Here's another thing. I have another blog. And I'd rather only have that one; don't like splitting the various parts of my life into bits. Everything that happens to me is part of me, and so also the appearance of a half brother -- a pretty major happening. And yet I don't feel free to blog about him on my main blog. There are a couple of reasons for this, and they are damned complicated. I'll try to explain.

The basic reasons are that the main blog is read by people who know me, people who live in that aforementioned small community where so little goes on the main form of entertainment is to gawk at other people. Also, dad was a 'someone' in that society, and not only locally, but nationally. So the gawk factor increases. Anything out of the ordinary becomes the most superb form of entertainment, and even though I know it would pass I cringe at the thought of putting the family through those initial stages.

But I oh so want to be able to include A perfectly casually -- no, that's wrong. I want to include these posts on the main blog. The good and the bad. And then I want him to be included in general. Because there is no good reason not to, only a lot of bad reasons.

Here's the more self-centred reason why I don't mention him on the main blog. Bear with me; it will seem a little beside the point at first:

When I was little and about to start school the mother of a girl who was to start at the same time 'found' me and introduced the two of us. We were seven and six years old (me the younger) respectively, and this constructed friendship lasted until about two years ago. Which coincidentally is the same time A appeared on the scene.

L was an only child, and I was there to represent the sister/sibling she never had. Of course, at the end of the day we went to separate homes and I fought with my real sister and she fought with no one. Her mother had overdosed on child psychology and was in addition from a highly intellectual and wealthy family where there were no raised voices EVER, and everything was to be solved with a sensible and mature discussion.

Totally against my nature, but hey! I could go home and be normal at regular intervals! I think L's mum thought both me and my family a little primitive (sister, dog, noise... noise!
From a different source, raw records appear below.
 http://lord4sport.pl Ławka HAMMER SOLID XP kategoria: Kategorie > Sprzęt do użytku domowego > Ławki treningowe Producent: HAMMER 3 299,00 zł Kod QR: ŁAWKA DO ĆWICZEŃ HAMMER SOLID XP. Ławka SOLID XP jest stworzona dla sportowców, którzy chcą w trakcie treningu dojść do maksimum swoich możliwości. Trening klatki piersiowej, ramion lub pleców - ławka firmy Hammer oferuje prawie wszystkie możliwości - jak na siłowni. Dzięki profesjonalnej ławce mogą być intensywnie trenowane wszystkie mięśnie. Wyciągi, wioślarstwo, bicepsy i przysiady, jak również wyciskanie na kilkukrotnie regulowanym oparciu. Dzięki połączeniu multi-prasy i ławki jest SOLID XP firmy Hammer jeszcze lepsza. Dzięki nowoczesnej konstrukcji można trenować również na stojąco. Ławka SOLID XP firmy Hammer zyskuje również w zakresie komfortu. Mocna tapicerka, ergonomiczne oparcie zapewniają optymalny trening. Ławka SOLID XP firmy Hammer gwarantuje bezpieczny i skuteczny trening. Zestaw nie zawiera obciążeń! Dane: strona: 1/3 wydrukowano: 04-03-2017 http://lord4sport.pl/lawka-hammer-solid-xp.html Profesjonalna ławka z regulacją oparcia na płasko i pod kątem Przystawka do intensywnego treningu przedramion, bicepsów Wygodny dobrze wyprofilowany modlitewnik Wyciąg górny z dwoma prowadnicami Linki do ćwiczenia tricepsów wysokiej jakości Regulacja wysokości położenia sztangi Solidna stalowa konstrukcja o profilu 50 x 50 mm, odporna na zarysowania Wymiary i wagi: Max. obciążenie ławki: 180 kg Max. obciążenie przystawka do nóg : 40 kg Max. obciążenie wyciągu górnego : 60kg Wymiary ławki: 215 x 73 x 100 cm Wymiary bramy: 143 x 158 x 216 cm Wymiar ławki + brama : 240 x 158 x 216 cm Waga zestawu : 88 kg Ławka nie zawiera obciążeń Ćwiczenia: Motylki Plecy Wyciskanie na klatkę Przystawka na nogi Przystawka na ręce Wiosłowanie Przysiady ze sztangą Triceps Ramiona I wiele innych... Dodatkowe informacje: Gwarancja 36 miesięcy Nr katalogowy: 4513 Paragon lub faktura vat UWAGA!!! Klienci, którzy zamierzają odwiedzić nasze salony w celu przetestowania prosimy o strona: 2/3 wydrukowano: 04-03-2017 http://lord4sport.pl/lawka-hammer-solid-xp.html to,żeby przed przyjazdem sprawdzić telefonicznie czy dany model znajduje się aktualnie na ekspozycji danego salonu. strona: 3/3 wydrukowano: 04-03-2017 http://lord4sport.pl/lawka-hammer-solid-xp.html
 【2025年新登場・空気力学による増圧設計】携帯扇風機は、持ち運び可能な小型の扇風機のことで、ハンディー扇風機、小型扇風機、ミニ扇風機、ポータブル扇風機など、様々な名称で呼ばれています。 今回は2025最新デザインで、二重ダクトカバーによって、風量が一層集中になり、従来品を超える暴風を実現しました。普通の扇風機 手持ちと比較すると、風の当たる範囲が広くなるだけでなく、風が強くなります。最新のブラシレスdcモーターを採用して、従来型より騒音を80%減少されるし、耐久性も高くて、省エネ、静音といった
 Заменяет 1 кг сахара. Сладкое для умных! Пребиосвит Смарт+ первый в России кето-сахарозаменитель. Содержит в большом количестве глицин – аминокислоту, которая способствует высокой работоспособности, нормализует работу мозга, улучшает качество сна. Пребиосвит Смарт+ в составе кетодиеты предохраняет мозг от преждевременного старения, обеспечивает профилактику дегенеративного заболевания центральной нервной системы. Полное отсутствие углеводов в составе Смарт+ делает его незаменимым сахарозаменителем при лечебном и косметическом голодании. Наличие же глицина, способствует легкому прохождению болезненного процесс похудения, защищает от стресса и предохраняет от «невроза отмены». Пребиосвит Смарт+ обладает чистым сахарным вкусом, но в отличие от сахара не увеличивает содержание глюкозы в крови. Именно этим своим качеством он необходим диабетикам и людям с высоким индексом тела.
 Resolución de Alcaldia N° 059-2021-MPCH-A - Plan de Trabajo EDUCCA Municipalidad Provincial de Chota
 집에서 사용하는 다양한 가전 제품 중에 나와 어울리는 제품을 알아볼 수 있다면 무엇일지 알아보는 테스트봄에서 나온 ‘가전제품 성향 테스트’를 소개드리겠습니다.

God forbid!), but for the sake of L she put up with my presence.

At 16 I left for a year as a foreign exchange student in the US. That year changed me dramatically and I discovered that people liked the more outgoing and boisterous version of me; I made friends easily, something I had not experienced in the closed-off symbiosis with L. Those who didn't like my one-liners simply kept their distance -- you can't make friends with everybody. In short, this year allowed me to develop into what I would have been without L, and demonstrated to me just what an odd couple we were.
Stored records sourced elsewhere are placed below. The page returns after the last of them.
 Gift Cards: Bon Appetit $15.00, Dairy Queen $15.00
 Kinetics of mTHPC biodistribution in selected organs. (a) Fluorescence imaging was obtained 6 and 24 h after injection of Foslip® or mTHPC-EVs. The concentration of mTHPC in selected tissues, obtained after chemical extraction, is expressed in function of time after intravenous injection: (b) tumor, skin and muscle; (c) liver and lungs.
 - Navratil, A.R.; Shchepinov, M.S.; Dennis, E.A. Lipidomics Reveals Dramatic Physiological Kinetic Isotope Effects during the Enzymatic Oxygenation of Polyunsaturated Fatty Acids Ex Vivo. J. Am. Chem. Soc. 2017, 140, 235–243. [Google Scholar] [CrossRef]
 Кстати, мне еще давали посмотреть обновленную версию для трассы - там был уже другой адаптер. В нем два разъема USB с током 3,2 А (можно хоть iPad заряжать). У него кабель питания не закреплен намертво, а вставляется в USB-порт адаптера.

But I was only seventeen on my return, and I left all my American friends behind and had virtually only L to come home to. I had no time to make new friends before she came down on me like a ton of bricks stating that she found my new personality abhorrent and extremely hurtful and if I did not change back to the pleasant, quiet version who never, ever teased her or made 'hurtful remarks' (those were my one-liners) then our friendship would, sadly, have to be a thing of the past. Ever heard of emotional blackmail? She invented and perfected it.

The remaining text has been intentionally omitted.